New Approach Developing To Shows Promise In Silencing HIV Infection

The study developing an new approach for showing  promise in silencing HIV infection; by discovering a new potential medication; that works with an HIV-infected person’s own body to further suppress the ever present but silent virus that available HIV treatments are unable to combat. Although the potential new drug could complement the current HIV anti-retroviral therapy (ART) medications, it may also be possible that it could lead to HIV remission without a lifetime of taking ART medications.

HIV integrating its provirus into the host genome and establishes latent infection. Antiretroviral therapy (ART) can control HIV viremia, but cannot eradicate or cure the virus. Approaches targeting host epigenetic machinery to repress HIV, leading to an aviremic state free of ART, are needed. Bromodomain and extraterminal (BET) family protein BRD4 is an epigenetic reader involved in HIV transcriptional regulation.

Silencing HIV infection

Using structure-guided drug design, we identified a small molecule (ZL0580) that induced epigenetic suppression of HIV via BRD4. The HIV virus gets integrating into the infecting person’s genetic coding and establishing a constant dormant infection, creating a big treatment challenge. Because of this, current ART medications fail to cure the virus and when someone stops the drug, the virus almost always begins to multiply and wreak havoc.

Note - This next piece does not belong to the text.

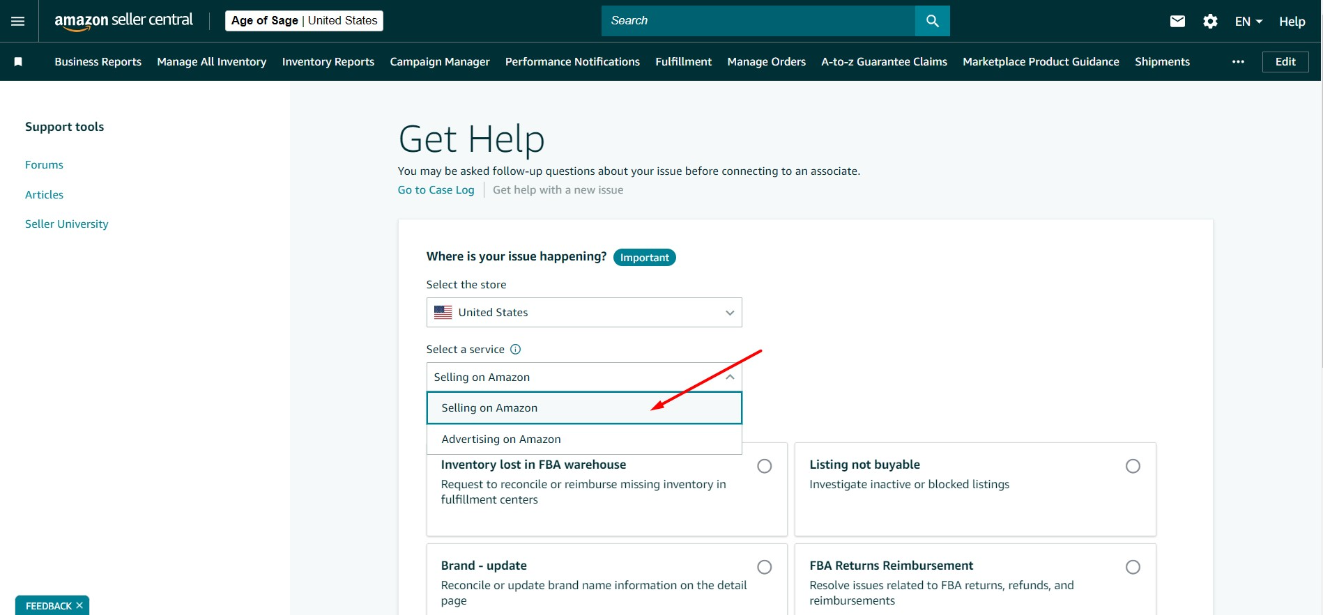 1. Log in to the seller central account (Make sure you are in the correct Account.)

Drug resistance is also a public health issue with the ART medications. Being able to induce a sustained HIV remission free of ART is an important goal for HIV treatment. human BRD4 protein and its associated machinery can be harnessed to suppress dormant HIV, said senior author Haitao Hu, UTMB assistant professor in the department of microbiology and immunology.

The drug resistance

Our findings are exciting because they not only improve our understanding of the biology of HIV epigenetic regulation; they also present a promising approach for the development of probes and/or therapeutic agents for HIV silencing, hopefully leading to cure of the virus eventually. But the study finding; that the protein BRD4 plays an important role in regulating the production of new copies of the HIV gene.

The team successfully designing, synthesizing and evaluating a series of small molecules; to selectively program BRD4 to suppress HIV and identified a lead compound called ZL0580. They testing the lead molecule in HIV infection models; and finding that it significantly delayed dormant HIV reactivation; after ART cessation in blood cells of ART-treated, HIV infected people. But to optimize the chemical structure; and effectiveness of this class of molecules and conduct safety testing in cellular and animal studies.